Lawyer, author, speaker and criminal justice reform advocate Bryan Stevenson spoke in the Garvey Center auditorium last night, Feb. 18, sharing his thoughts on how individuals can confront racial injustice head-on and shape a better America.
His speech was part of Oklahoma Christian University’s Complex Dialogues lecture series, which began 10 years ago with the goal of tackling difficult subjects like mass incarceration.
Growing up in Delaware in the mid-1960s, Stevenson said he attended first grade at colored school, but was later was integrated into the wider public school system, a privilege afforded to him only through the work of civil rights attorneys.
“I have no illusions about the fact that I wouldn’t be standing here today if it weren’t for those lawyers getting proximate to poor kids like me,” Stevenson said.
Their bravery, according to Stevenson, set the stage for his academic success through college. But upon reaching his senior year of college as a philosophy major, future plans were far from determined.
“One day, someone came up to me and said, ‘You’re a senior, and you’re a philosophy major, what are you going to do after college?’” Stevenson said. “I took that as a hostile question, because I realized nobody was going to pay me to philosophize for them. So I started trying to figure out how to stay in school.”
Stevenson received his undergraduate degree and then found his way to Harvard Law School, where he said his interest in criminal law and social justice issues grew immensely. During his studies, Stevenson said he was required to spend a month working with an organization providing legal services to death row inmates.
A seemingly simple first task—telling a death row prisoner he would not be executed for at least a year—would change his views on criminal justice forever.

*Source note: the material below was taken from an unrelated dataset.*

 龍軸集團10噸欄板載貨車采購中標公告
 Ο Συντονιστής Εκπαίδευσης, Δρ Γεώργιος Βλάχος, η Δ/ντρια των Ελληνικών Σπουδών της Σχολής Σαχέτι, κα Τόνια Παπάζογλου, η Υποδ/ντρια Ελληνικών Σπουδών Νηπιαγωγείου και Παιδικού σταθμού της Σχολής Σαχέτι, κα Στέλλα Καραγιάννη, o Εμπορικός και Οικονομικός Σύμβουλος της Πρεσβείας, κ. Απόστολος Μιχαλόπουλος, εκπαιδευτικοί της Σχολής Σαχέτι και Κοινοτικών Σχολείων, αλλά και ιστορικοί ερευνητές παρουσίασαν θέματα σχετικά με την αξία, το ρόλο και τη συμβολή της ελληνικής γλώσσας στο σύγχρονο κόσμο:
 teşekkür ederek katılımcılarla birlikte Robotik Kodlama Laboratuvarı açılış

“For the third time, I told this man he was not at risk for execution any time in the next year,” Stevenson said. “And he said, “Thank you, thank you, thank you. You are the first person I’ve talked to in two years who isn’t a death row prisoner or death row guard. I haven’t talked to [my family] in two years, because I was afraid they’d show up, and I’d have an execution date. I didn’t want to deal with that. But now, because of you, I’m going to see my wife. I’m going to see my kids.’

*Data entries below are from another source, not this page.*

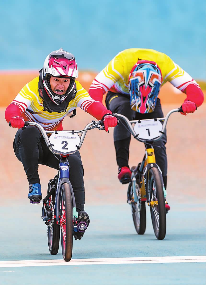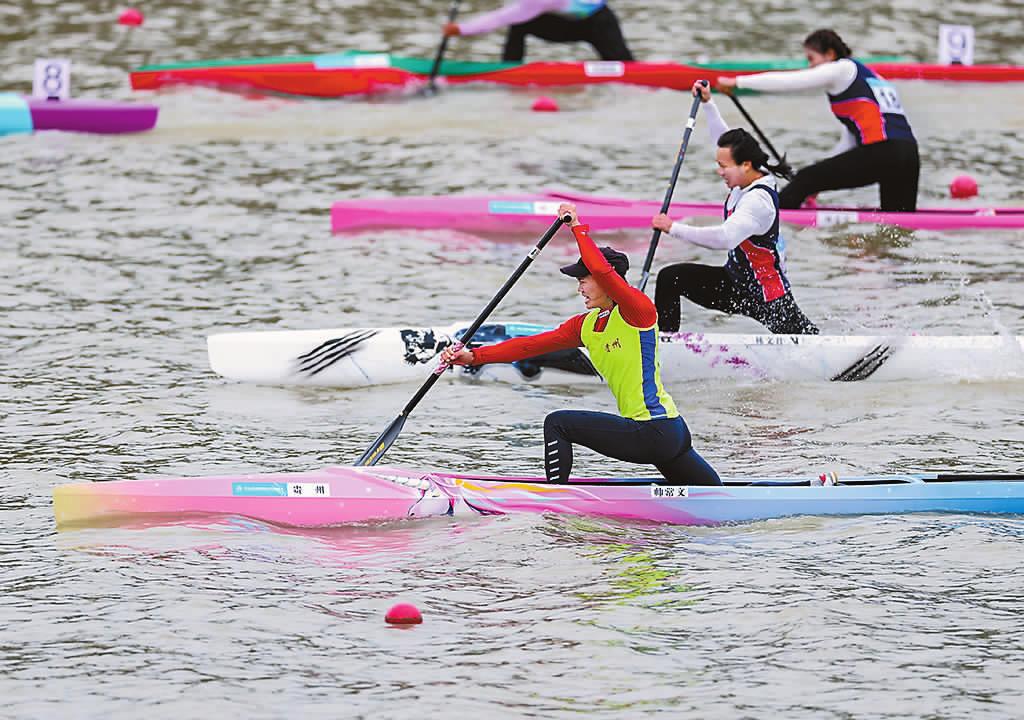 | | | 11月19日,山东队选手林浩超(左)在比赛中冲过终点。他获得冠军。当日,第十五届全国运动会男子竞速小轮车决赛在深圳举行。新华社记者 丁汀 摄(新华社11月19日发) |  | | | 11月19日,贵州队选手帅常文(下)在比赛中。最终她夺得冠军。当日,第十五届全国运动会皮划艇静水项目女子200米单人划艇决赛在广州举行。新华社记者 杨世尧 摄(新华社11月19日发) |  | | | 11月19日,冠军山东队选手齐迎(中)、亚军河南队选手杜宇(左)和季军上海队选手李成在赛后庆祝。当日,第十五届全国运动会射击项目男子飞碟多向决赛在广州举行。 新华社记者 潘昱龙 摄(新华社11月19日发) |
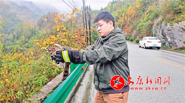 “它剛才在路中間不能動彈,好像受傷了,車來車往太危險了,我們得想辦法救救它。”周文棋一邊將大鳥挪至路邊,一邊焦急地說。
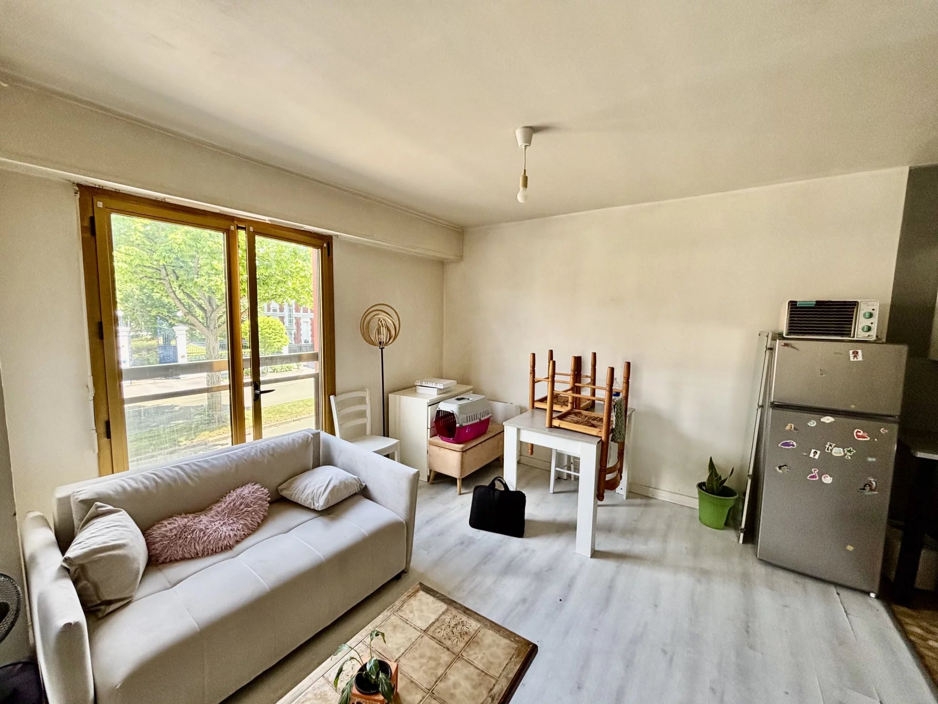 CAMBRAI - Résidence Le Vincennes (Boulevard Faidherbe) À VENDRE : T1 loué, à proximité immédiate du centre-ville Loyer : 430 €/mois + 20 € de charges Chauffage électrique. Fenêtres avec volets roulants. Résidence avec ascenseur. Une cave complète ce bien. Taxe foncière : 540 €/an Charges de copropriété : 74,33 €/mois PRIX : 69 800 € frais d'agence inclus Honoraires à la charge du vendeur. Ce bien vous est présenté par Céline Dubois : O6.51.01.75.91 ELEVEN Immobilier RSAC 894 557 123
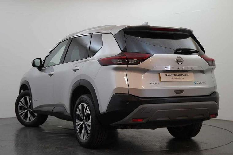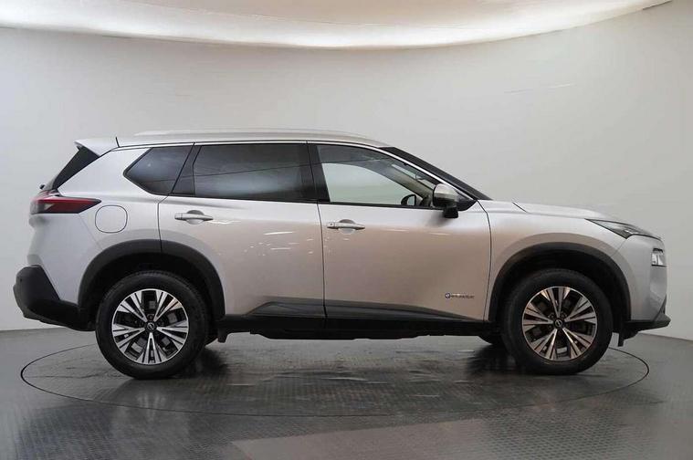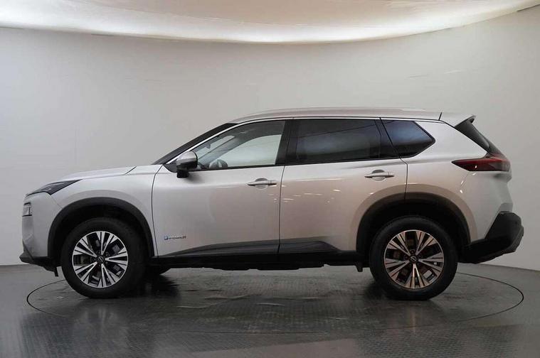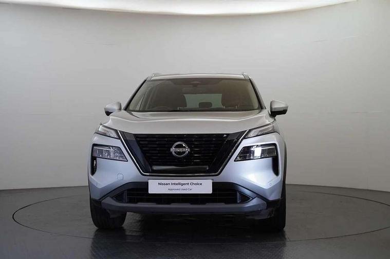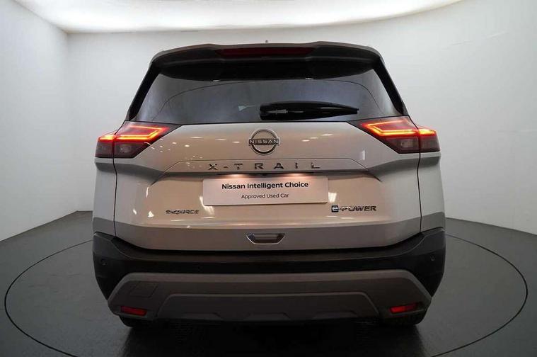 Android auto/Apple CarPlay (Wired), Blind spot warning, Drive modes (sport, normal, eco, snow, off-road), e-Pedal step, Electric speed sensitive power steering, Emergency and breakdown call, Front and rear parking sensors, Full Digital 12.3" TFT Digital Combimeter, Google maps services - search, weather, 3D maps and Google street view, Idle stop/start system, Intelligent around view monitor, Intelligent Cruise control (ICC), Intelligent driver alert system, Intelligent forward collision warning, Intelligent lane departure warning, Intelligent lane intervention, Intelligent lane keep assist, Maximum speed limiter, Moving object detection, Nissan connect 12.3 inch touchscreen infotainment system, Nissan connect nav with TomTom traffic, Push button starter, Rear cross traffic alert, Rear view camera, Remote control services - door locks, lights, horn and car locator, Telematics - notifications and connectivity services, TomTom live traffic services, Traffic sign recognition with legal speed adjustment, Trip computer, Virtual personal assistant and firmware over the air capability, Wireless apple carplay, 6 speakers, AM/FM audio system with DAB, Bluetooth audio streaming, Front USB connections (Type-A and Type-C), Rear USB charging only ports (Type-A and Type-C), 3rd brake light, Auto dimming rear view mirror, Auto rear wiper when reversing, Body colour mirror caps, Body coloured door handles, Bodyside mouldings, Chrome side window finisher, e-4ORCE badging, e-POWER badging, Electric auto folding door mirrors, Electrically adjustable and heated door mirrors, Follow me home headlights, Headlights auto levelling system, High beam assist, Intelligent auto headlights, LED daytime running lights, LED Headlights, LED rear lights, One touch front and rear electric windows with remote opening and closing, Partially body coloured bumpers, Rain sensing wipers, Rear privacy glass, Rear reversing light (bulb lighting), Rear roof spoiler, Rear side wing doors, Rear styling plate, Shark fin antenna, Splash free wipers, Super UV and infrared cut glass, Three blink turn signal, 12v power socket in dashboard and luggage, 3 bench rear seats in 2nd row, 3 rear headrests, 60/40 split folding rear seat bench, Butteryfly console, Chrome interior door handles, Cloth monoform upholstery, Driver and front passenger sunvisors with illuminated vanity mirrors, Driver seat back pocket, Dual zone automatic climate control with pollen filter, Front centre console and armrest, Front cupholders, Front door with bottle holders, Height adjustable driver's seat, Height adjustable front headrests, Height adjustable passenger seat, Leather shift knob, Leather steering wheel, Luggage board system, Luggage space lighting, Multifunction steering wheel, Passenger seat back pocket, Rear armrest with 2 cupholders, Rear door bottle holders, Single front passenger seat, Tilt/telescopic adjustable steering wheel, Two rear isofix child seat anchorage points with top tether, 3x3 point rear seatbelt pretensioners + load limiters, ABS with EBD and brake assist, Active brake limited slip, Auto hold function, Child locks on rear doors, Curtain and front side, far side airbags, Driver and passenger airbags, Driver, passenger and 2nd row rear seat belt reminder, Electronic parking brake, Front seatbelt pretensioners + load limiters, Height adjustable front seatbelts, Hill start assist, Intelligent blind spot intervention, Intelligent front emergency braking with pedestrian, cyclist recognition and junction assist, Intelligent rear automatic braking, Tyre pressure monitoring system, Vehicle dynamic control, Engine immobiliser, Intelligent Key, Remote central door locking with deadlocking, Thatcham Cat.1 alarm, 18" Diamond cut alloy wheels, Tyre puncture repair kit,

That man and I started talking, and it turned out we were exactly the same age—the same birthday, the same month, the same year. He started asking me questions about my life, I started asking questions about his life and we fell into this deep conversation. Forty-five minutes turned into an hour, an hour turned into two hours, two hours turned into three hours, and we were still talking.”

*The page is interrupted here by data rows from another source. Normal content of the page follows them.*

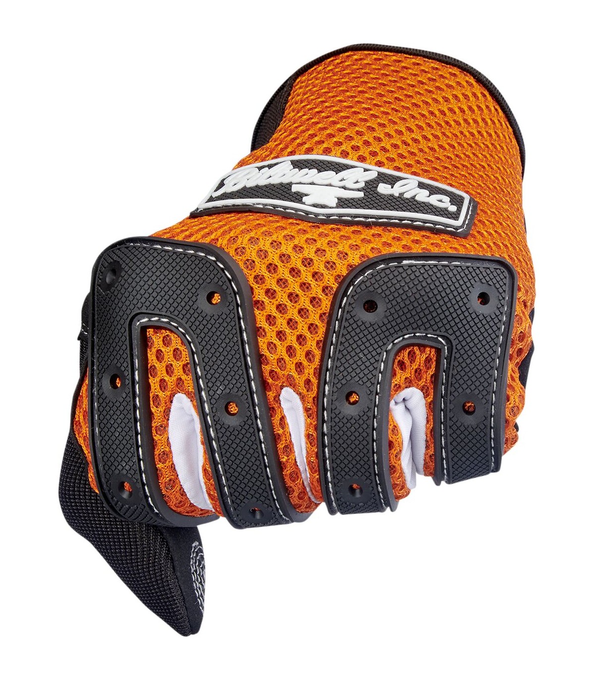 Anza GlovesSynthetic suede palm features two-way stretch for a snug, comfortable fitThree-ply, one-piece vented polyester back and thumb construction for maximum airflowFlexible thermoplastic rubber knuckle guards and shield logoLycra® expansion panels in finger joints for dexterityRugged Single- and double-needle polyester stitchingThermoplastic rubber knuckle guards on the back of the glove provide protection from rocky roost and airborne road debrisA double-stitched reinforcement panel on the thumb and index finger adds strength to the friction zone between your hands and the gripsConductive stitching in fingers and thumb lets you operate smart screens
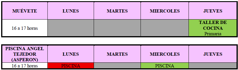 El resto de actividades ofertadas serán desarrolladas por las empresas Muévete y Rescata2, tal y como se indica en el cuadro adjunto. Para la realización del Taller de cocina serán los monitores los que acerquen a los alumnos a las instalaciones de la empresa Muévete.
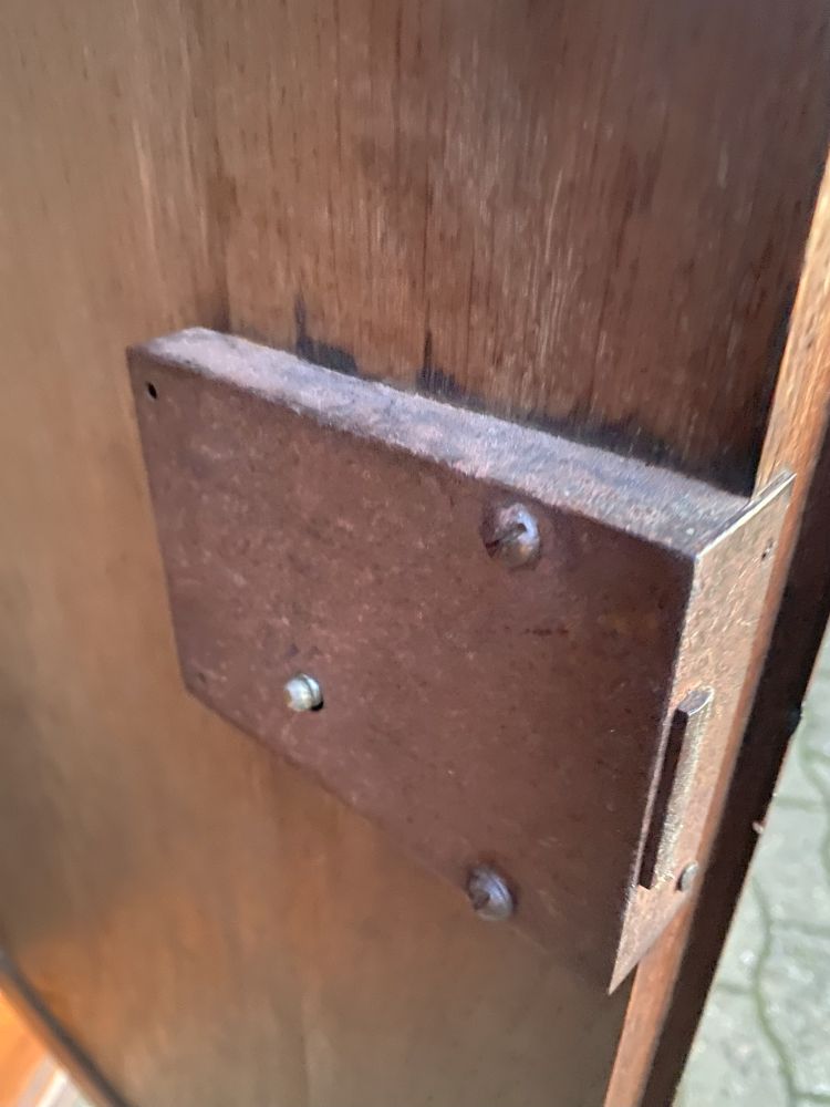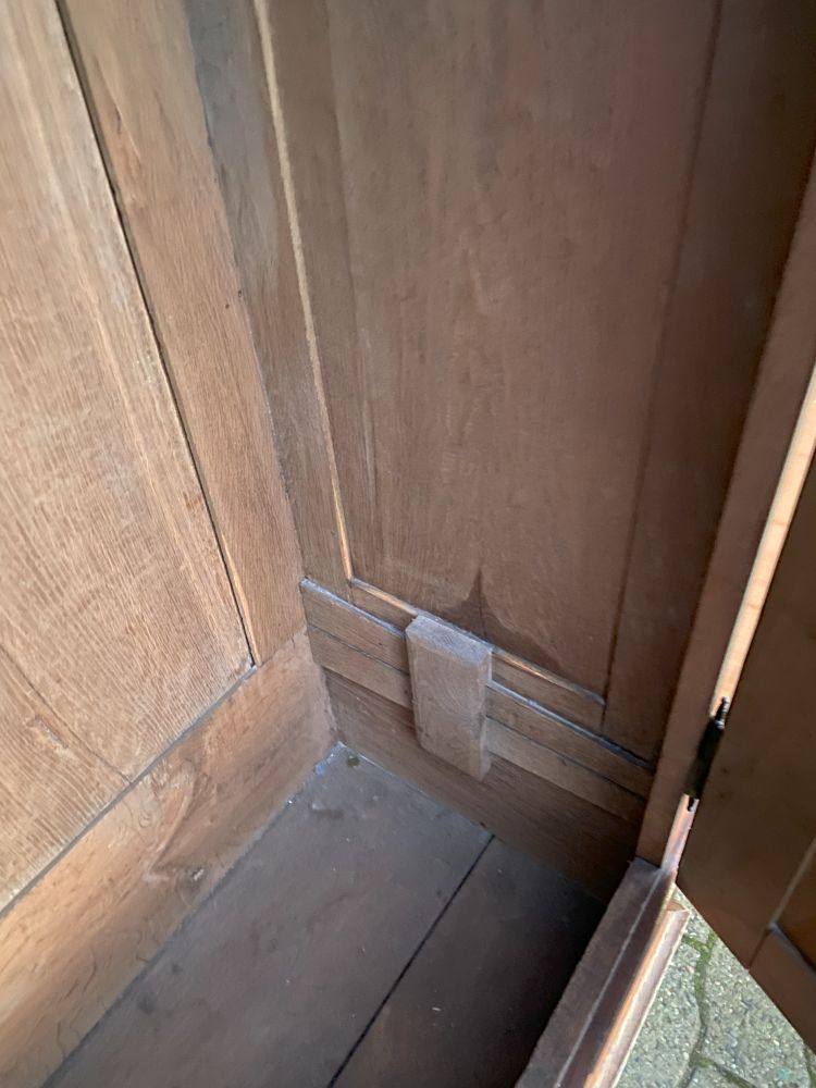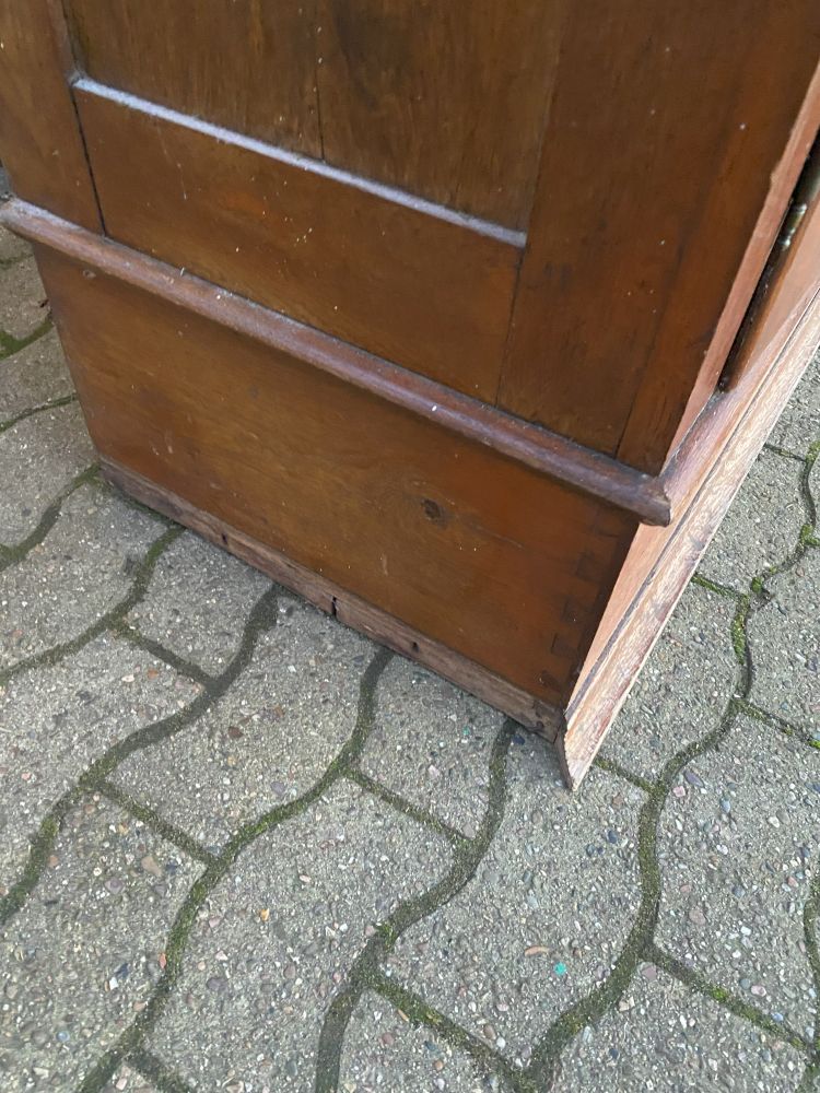 Die Möbelbeine fehlen sowie einige Leisten. Bei der Oberfläche handelt es sich um Schellack. Schloss und Möbelbeschläge stammen aus der Zeit, der Schlüssel scheint ergänzt worden zu sein. Die Türen lassen sich über 90 Grad öffnen Dank außenliegender Türbänder. Der Schrank ist zerlegbar und wir durch 4 Holzkeile zusammen gehalten. Der Auf u. Abbau geht schnell und bequem. Innen befinden sich Garderobenhaken aus Holz die sich schwenken lassen...praktisch.

Stevenson said this interaction, one of several he would experience throughout decades working as a death row lawyer, fortified his belief that change happens only when people are proximate and willing to engage one another.
When conversations like these between people of different races stop, misconceptions are allowed to flourish, Stevenson said. In years past, he said these false narratives were the driving force behind the mistreatment of Native Americans and the institution of slavery.
“The people who owned slaves didn’t want to feel immoral,” Stevenson said. “They didn’t want to feel unchristian. So they made up this narrative saying black people aren’t as good as white people. They’re not fully human, they can’t do this, they can’t do that, and that narrative of ignorance created an ideology of white supremacy.”
While slavery has been outlawed in the U.S. for more than 150 years, Stevenson said these false narratives were passed down through generations and are the driving force behind punitive criminal justice laws designed to punish rather than reform.
In order to heal the wounds of past racial mistreatment and kill remaining false narratives, Americans should begin to more openly embrace their flawed history and learn from it like other nations have done, according to Stevenson.
“You can’t go 200 feet in Berlin without seeing markers or stones that have been placed next to the homes of Jewish families abducted and killed during the Holocaust,” Stevenson said. “The Germans want you to go to the Holocaust museum. They don’t want to be thought of as fascists and Nazis forever. They’re trying to change the narrative. But in America, we don’t talk about slavery.”
Throughout his talk, Stevenson discussed four key points the audience should follow in order to combat racism and create a better society: Spend time and build relationships in poor neighborhoods, squash false narratives by combating prior mistreatment head-on, remain hopeful and be willing to put yourself in uncomfortable and inconvenient situations.
But to conclude his keynote address, Stevenson held the Christian audience in attendance to an even higher standard.
“I want to say something to my friends of faith here—we are living at a time where people have got to say more about the challenges that we’re facing,” Stevenson said. “There have been times before where we had all of these terrible things happen, and we didn’t say anything. I just want to let you all know that we have to lift up our voices.”